Can you 'derive' mathematical approximations made from Taylor approximations from limiting cases in real life?

Question

Here, the natural length of the string is $l_o$, and pulling the string up by $x$ increases its length by $ \sqrt{ l_{o}^{2} +x^2}$; thus, the increase in length can be approximated as

$$ \delta l = \sqrt{ l_o^2 + x^2 }- l_o \approx \frac{x^2}{2l}$$

I got this result from Taylor expanding the square root using the binomial series up to the first-order term. Now, my question is: Could I have derived this result using solely physical arguments?

My attempt:

I considered using the small distance–arclength approximation commonly seen in astronomy. However, in those approximations, the radius is constant; here, the radius is increasing like a helical path, i.e., $ \delta l > 0 $. So I'm not really sure how it would be possible to derive this. Is it possible to derive it at all? Further, with optimism, and assuming one were able to, could one write a proof of the binomial series using extensions of this point between spring systems?

Answer 1

I'm not sure if this gets at what you're asking about, but one can obtain the estimate $\delta \approx\frac{x^2}{2l_0}$ without relying on an explicit Taylor series expansion but with various geometrically justified approximations. Here's one approach:

1. For small angles, $x$ looks like the arc length $\theta l_0$ subtended by angle $\theta$ over radius $l_0$, so $\theta\approx\frac{x}{l_0}$.
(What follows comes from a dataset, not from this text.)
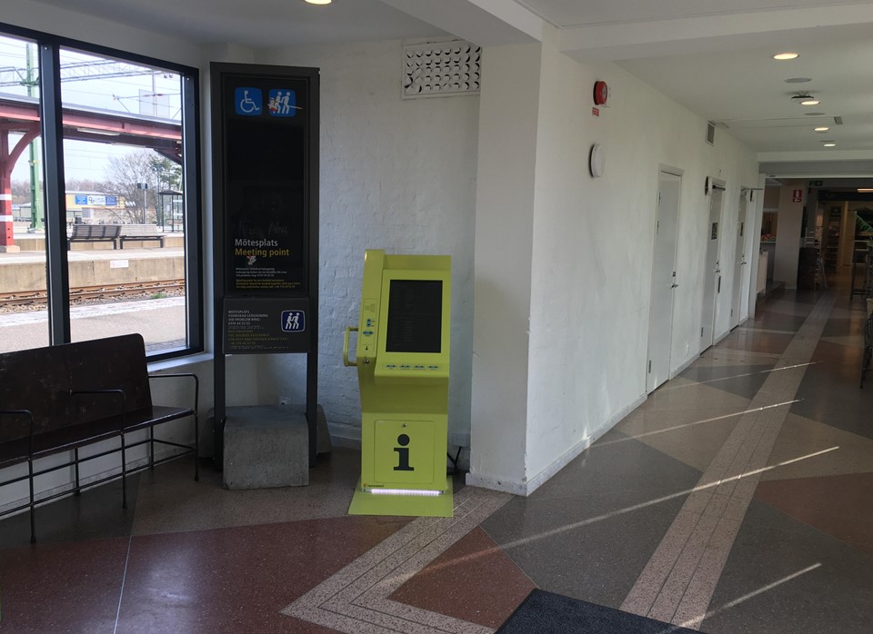 Inne. I korridor mellan gamla stationshuset och nya väntsalen.

2. We also have $\sin\theta=\frac{x}{l_0+\delta}=\frac{x}{\sqrt{l_0^2+x^2}}$ by inspection, so $\sin\theta\approx\frac{x}{l_0}$ for small $x$.
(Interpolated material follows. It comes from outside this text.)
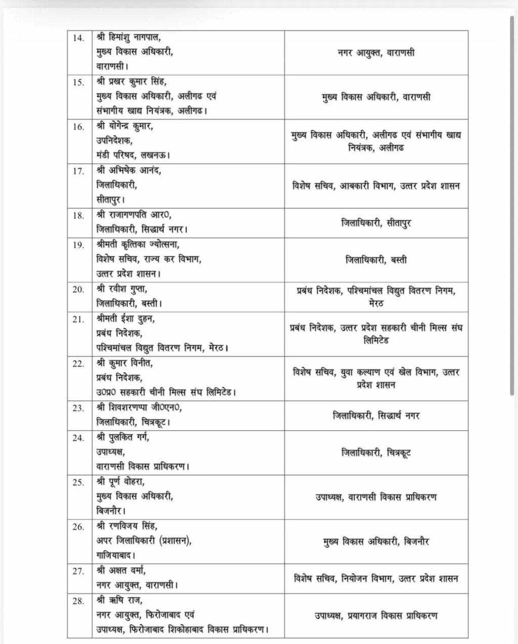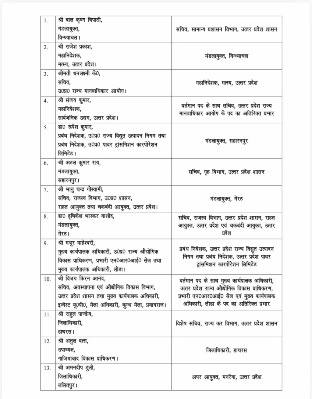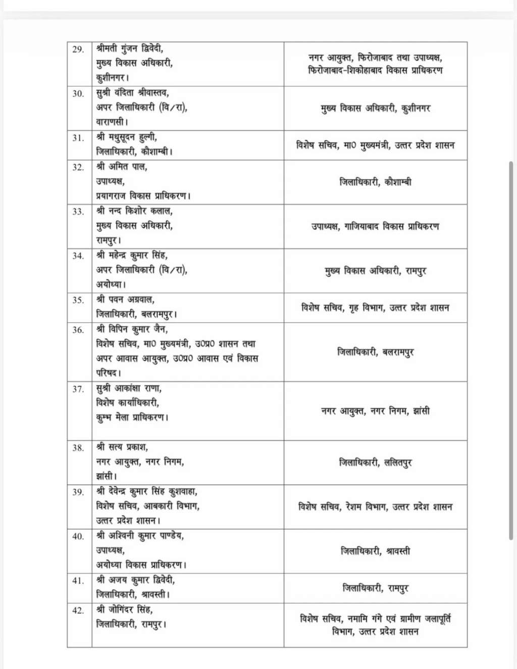 झांसी नगर निगम के नगर आयुक्त सत्य प्रकाश को अब ललितपुर का नया जिलाधिकारी बनाया गया है। अमनदीप डुली इससे पहले कृषि उत्पादन और विपणन विभाग में विशेष सचिव के पद पर तैनात थे, उसके बाद अगस्त 2025 में उन्हें ललितपुर का डीएम बनाया गया था।

3. From (1) and (2), $\sin\theta\approx\theta\approx\frac{x}{l_0}$.

4. The trigonometric double-angle identity $\cos\theta=1-2\sin^2\left(\frac{\theta}{2}\right)$ and (3) give $\cos\theta\approx 1-\frac{x^2}{2l_0^2}$.

5. We also have $\cos\theta=\frac{l_0}{l_0+\delta}\approx \frac{l_0-\delta}{l_0}$ by inspection, so $\cos\theta\approx 1-\frac{\delta}{l_0}$.

6. From (4) and (5), $\delta\approx\frac{x^2}{2l_0}$.